Professor Ken Hawick,
University of Wales, Bangor

Java is an attractive environment for writing portable message passing parallel programs. Considerable work in message passing interface bindings for the C and Fortran languages has been done. We show how this work can be reused and bindings for Java developed. We have built a Pure Java Message Passing Implementation (PJMPI) that is strongly compatible with the MPI standard. Conversely, the imperative programing style bindings are not entirely appropriate for the Java programming style and we have therefore also developed a less compatible system, known as JUMP, that enables many of the message passing parallel technological ideas but in a way that we believe will be more appropriate to the style of Java programs. JUMP is also intended as a development platform for many of our higher level ideas in parallel programming and parallel paradigms that MPI enables but does not directly implement. We review ongoing attempts at resolving this present crisis in reconciling Java and MPI. Our PJMPI system uses either Java RMI or Sockets for initialisation subsequently uses Java sockets for message passing communications. We have looked at some of the more advanced Java technologies, specifically Jini and JavaSpaces, which may contribute to Java message passing, but have found the performance of these to be somewhat deficient at the time of writing. We have therefore designed JUMP to be independent of Jini and JavaSpaces at present although use of these technologies may be strongly desirable. We describe the ClassLoading problem and other techniques we have employed in JUMP to enable a pure Java message passing system suitable for use on local and remote clusters amongst other parallel computing platforms. Our objective for the JUMP system is to produce a lightweight daemon that can manage message passing parallel programs that can be launched from a computational grid like environment.
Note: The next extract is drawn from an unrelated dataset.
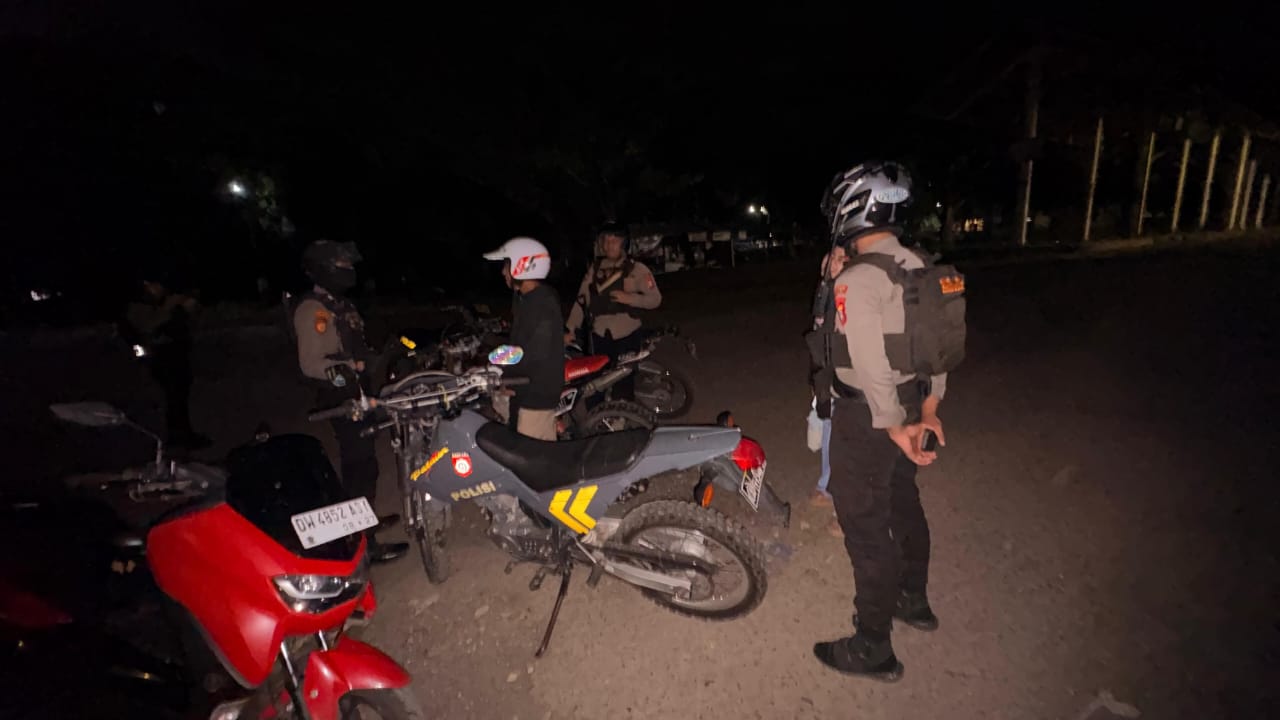 BONE – Dalam upaya untuk mengantisipasi balapan liar dan kejahatan pada malam hari di kota Watampone, sejumlah personil Sat Samapta Polres Bone laksankan patroli KRYD dan berikan himbauan kamtibmas ke masyarakat yang di temui, Upaya ini bertujuan untuk menjaga keamanan dan ketertiban di kota watampone, khususnya pada malam hari, Senin (17/11/2025) malam.

Ken Hawick is Professor of High Performance Computing and head of the Informatics group at the University of Wales, Bangor. Prior to joining Bangor, he was head of the High Performance Distributed Computing (HPDC) group at the University of Adelaide in Australia. Professor Hawick has extensive experience of developing applications for high performance machines, ranging from clusters of workstations to dedicated supercomputers such as the CM5. Professor Hawick is also very active in the JavaGrande efforts worldwide, and has contributed benchmark suites towards the JavaGrande effort.